------ Supplied information

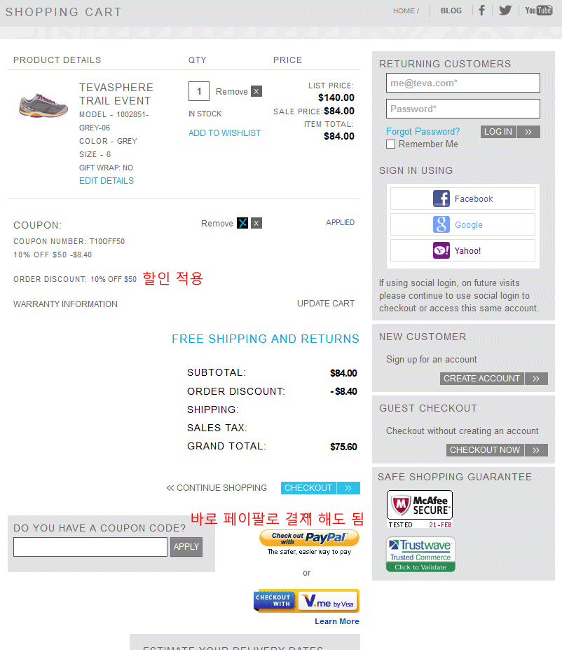 테바 공식 쇼핑몰에서 테바 신발을 직구해 봅니다.
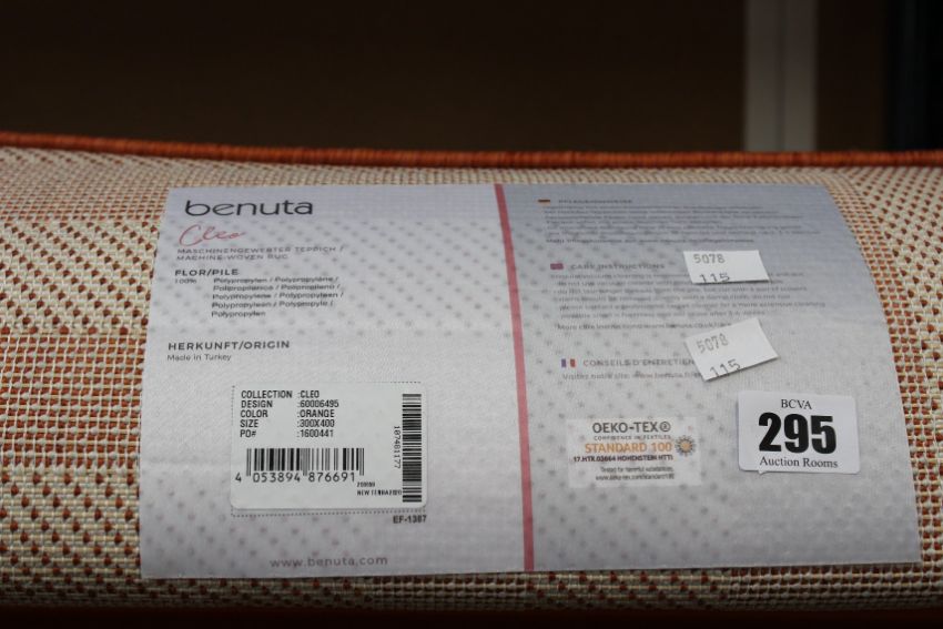 A Benuta Cleo indoor/outdoor machine woven rug in orange (300 x 400cm).
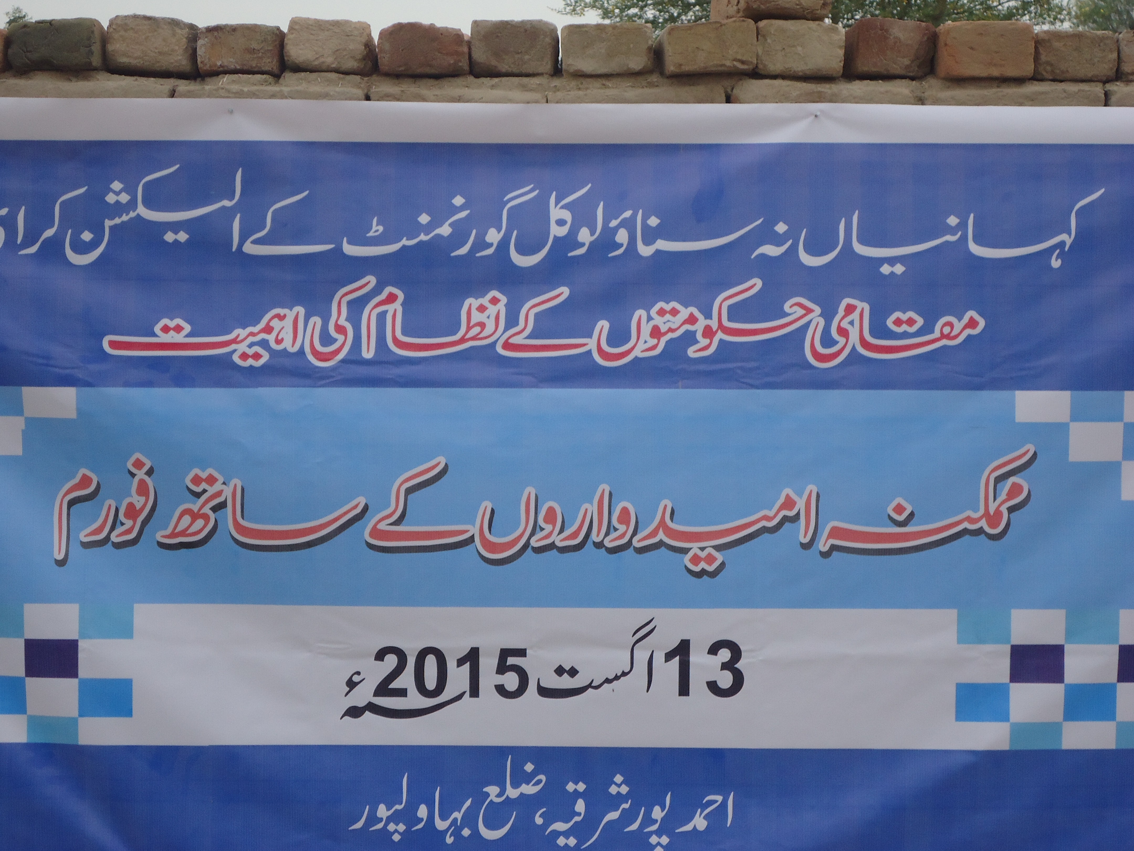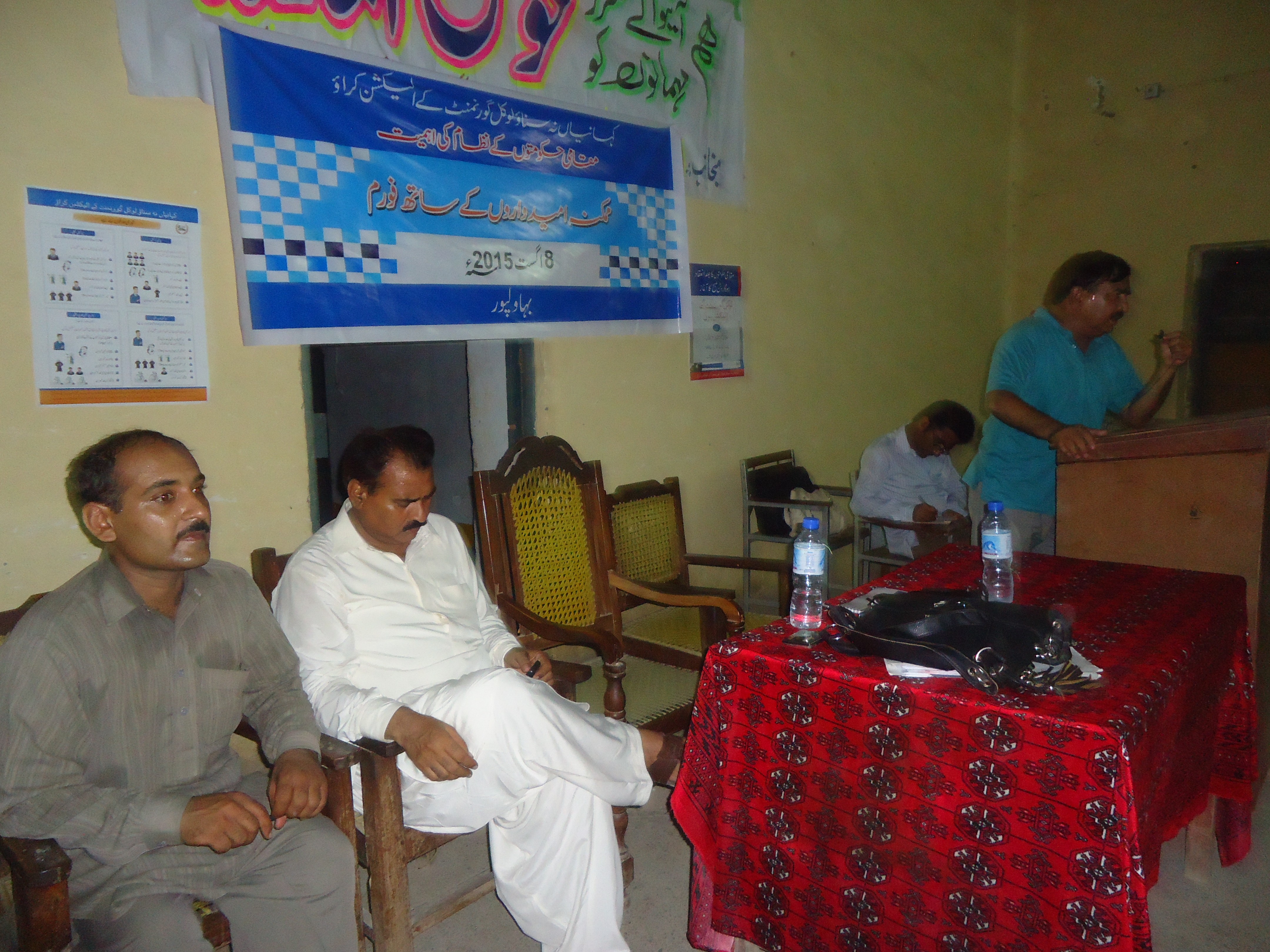 PRWSWO in partnership with USAID/TDEA implemented a six month project in year 2015 under Grant cycle 6 of the Citizen’s Voice Project on Improving Local Government System in District Bahawalpur and implemented number of activities that included Capacity building workshops for youth activists, Public Forums, Citizens Assemblies, Interactive Conferences, Awareness Raising Walk, Debate competitions, Press Conference and Radio talk shows etc.
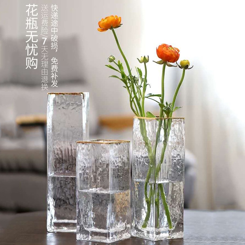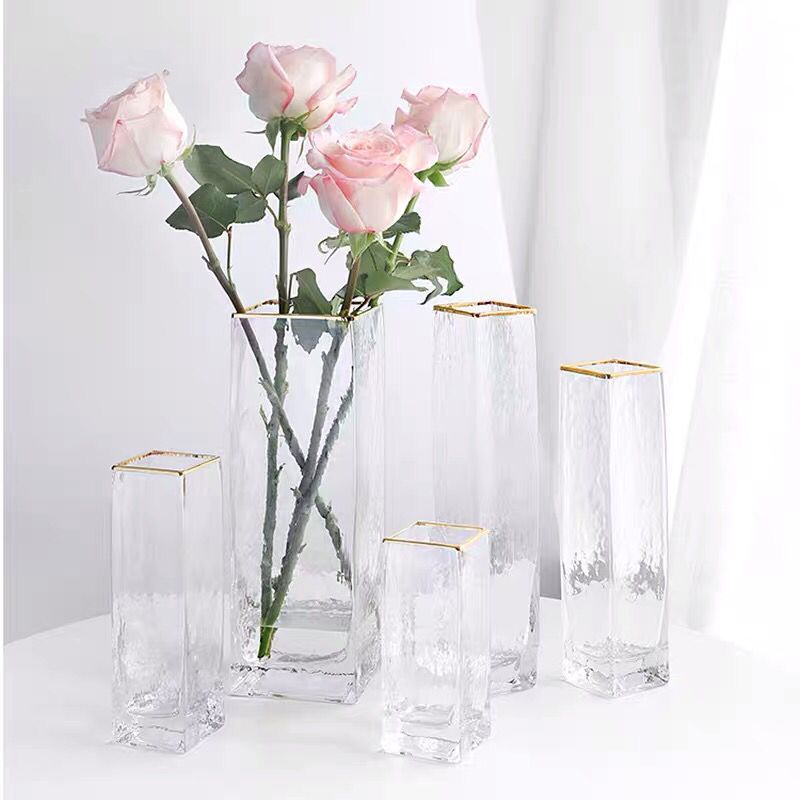 Lọ hoa thủy tinh hình trụ vuông, miệng viền vàng sang trọng, cao 25 cm, chuyên cắm hoa, trồng cây thủy sinhLọ hoa thủy tinh

------------

**What is needed**: Please restate all of the listing above word for word, with no pictures.

**Written response**:
 테바 공식 쇼핑몰에서 테바 신발을 직구해 봅니다.
 A Benuta Cleo indoor/outdoor machine woven rug in orange (300 x 400cm).
 PRWSWO in partnership with USAID/TDEA implemented a six month project in year 2015 under Grant cycle 6 of the Citizen’s Voice Project on Improving Local Government System in District Bahawalpur and implemented number of activities that included Capacity building workshops for youth activists, Public Forums, Citizens Assemblies, Interactive Conferences, Awareness Raising Walk, Debate competitions, Press Conference and Radio talk shows etc.
 Lọ hoa thủy tinh hình trụ vuông, miệng viền vàng sang trọng, cao 25 cm, chuyên cắm hoa, trồng cây thủy sinhLọ hoa thủy tinh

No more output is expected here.